21. Change of Heart (Elizabeth Wein)
Another Imperial decides the bad guy side isn't for him anymore. This time we have an assistant interrogator, involved with Vader in the questioning/torture of Leia on the Death Star. He decides to join the Rebellion. At this sad rate, we'll have 50% of the Imps seen on screen defecting to the Alliance by the time we're done reading these stories.

22. Eclipse (Madeleine Roux)
Another heartbreaking tale. Well written. Bail and Breha Organa, home on Alderaan, first learn of the apparent loss of Tantive IV in the Battle of Scarif, then, still grieving, live through the last moments of their home planet together.

23. Verge of Greatness (Pablo Hidalgo)
A decent story of Tarkin claiming control of the Death Star by thwarting (and ultimately killing) Krennic. Told as a disjointed series of flash backs and flash forwards, also includes a strange interlude of Admiral Motti all but pledging to serve Tarkin if the Grand Moff wished to use the Death Star to leave the Empire.
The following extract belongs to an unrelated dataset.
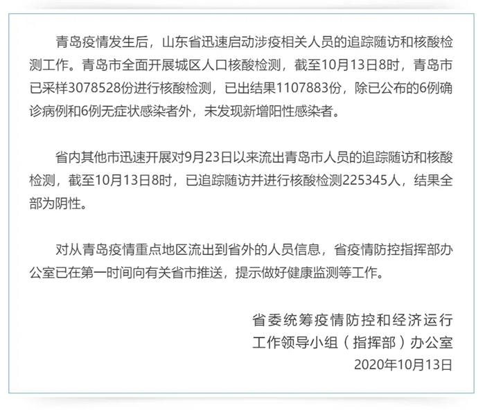 山東省迅速開展青島疫情相關人員追蹤隨訪和核酸檢測工作-新華網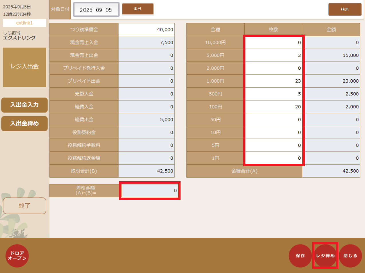 金庫に残っている各金種の枚数を入力し、「レジ締め」をタップで完了。

24. Far Too Remote (Jeffrey Brown)
A single panel cartoon. What?

25. The Trigger (Kieron Gillen)
Dr. Aphra's first appearance outside of her comics, I'd wager. OK, I guess. Don't quite like Dr. Aphra.

26. Of MSE-6 and Men (Glen Weldon)
If a movie were to be made of this story, you'd find it in the adult section of the video store. Not good. Keep it together, Star Wars.
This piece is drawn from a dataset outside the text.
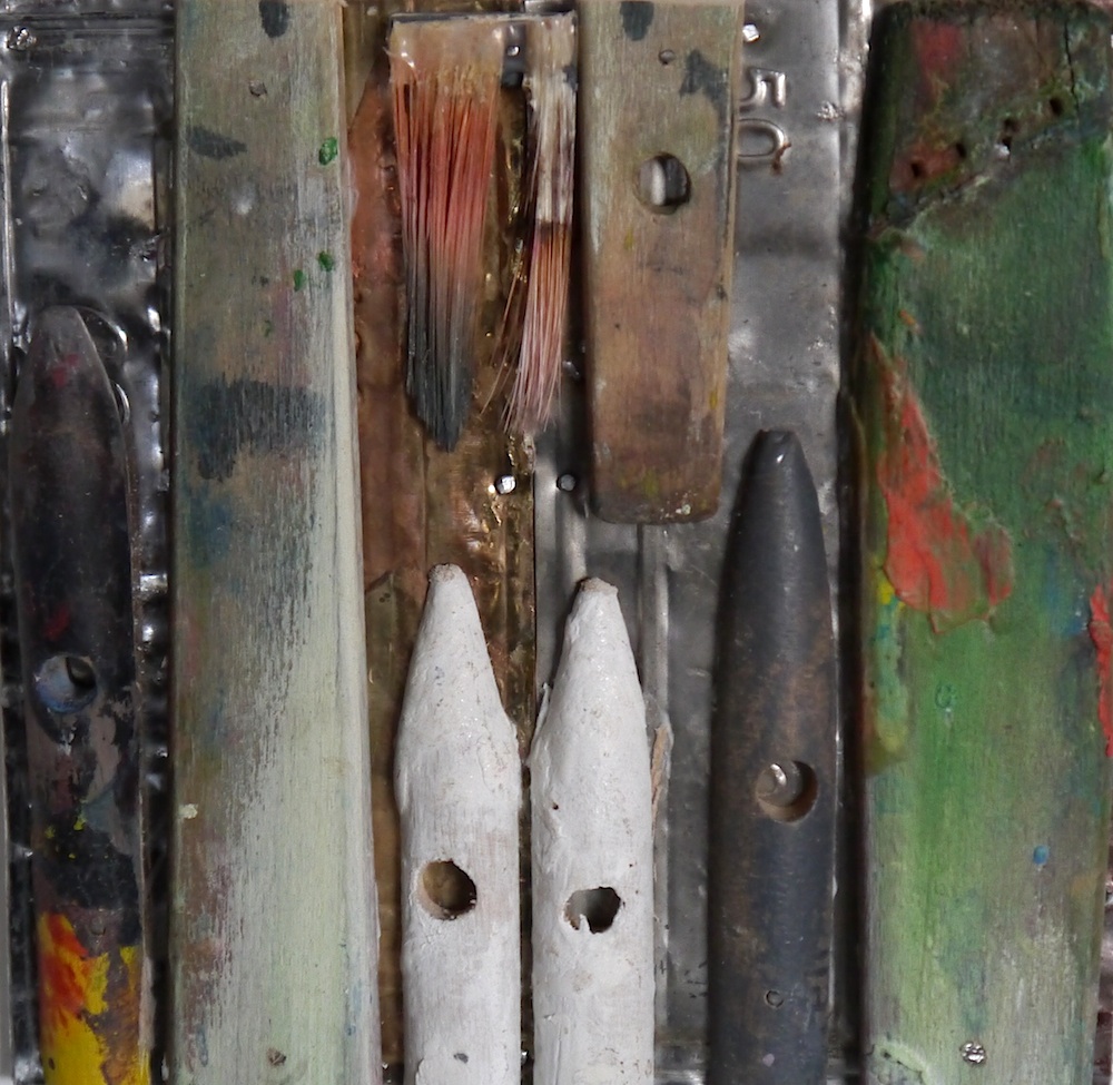 47 x 39 cm - Pinselfragmente, Holz, Acrylglas, Aluminiumrahmen

27. Bump (Ben Acker and Ben Blacker)
Finally a stormtrooper who has decided to stick with the Empire.

28. End of Watch (Adam Christopher)
An interesting tale wherein we get to watch the events of Luke, Han, and Chewie's Death Star prison break from the other side. The people in the Station Control West control room don't quite know what to make of all this tomfoolery going on down there. Kinda fun.

29. The Baptist (Nnedi Okorafor)
A compelling concept, a well written story. Perhaps trying a bit too hard. This suggests that the dianoga that attacks Luke in the Death Star trash compactor is sentient, Force-sensitive, and in fact is working on behalf of the Force to "baptize" Luke: transitioning him from boy to man.

30. Time of Death (Cavan Scott)
Another tale from beyond the grave. No blue milk mentioned, so that's good. This one has a cool vibe; a bit otherworldly and mysterious, as Obi-Wan struggles to learn about being a Force ghost.

31. There is Another (Gary D. Schmidt)
Yoda wishes he could train a Skywalker...just not Luke. A good story of the pre-Luke visit time on Dagobah.

32. Palpatine (Ian Doescher)
Oh no. A Palpatine Shakespearean soliloquy. Or a rap? No thank you.

33. Sparks (Paul S. Kemp)
The first of a few very nice stories about the Rebel starfighter attack on the Death Star.

34. Duty Roster (Jason Fry)
Another great tale of behind-the-scenes action during the desperate space battle around the Death Star. Probably can serve as the definitive guide for who's who in the various squadrons, considering the author. I would suspect he wanted to use this story to straighten out the canon in this regard once and for all; and I approve wholeheartedly. This story: 1. claims that there were more pilots that starfighters available to fly, and 2. attempts to explain the "Fake Wedge" guy, long mis-identified in the briefing room before the Battle of Yavin (as I recall).

35. Desert Son (Pierce Brown)
A tale of Biggs...meeting Luke at Yavin, then going out in a blaze of glory on the trench run. Nice.

36. Grounded (Gary Rucka)
The starfighter attack on the Death Star as seen from the point of view of the ground techs and support crews listening to the action via radio, as the fighting went on high above. Strangely enough, this tale contradicts the details in "Duty Roster" by claiming that Yavin base had more starfighters than they had available pilots. Three spare, space-worthy X-wings, just sitting there, this tale says. Unlikely, I'd say. "Duty Roster" is all about the tough choices Garven Dreis had to make about which pilots would fly the precious few craft they had on hand. An odd consistency mistake to have happen.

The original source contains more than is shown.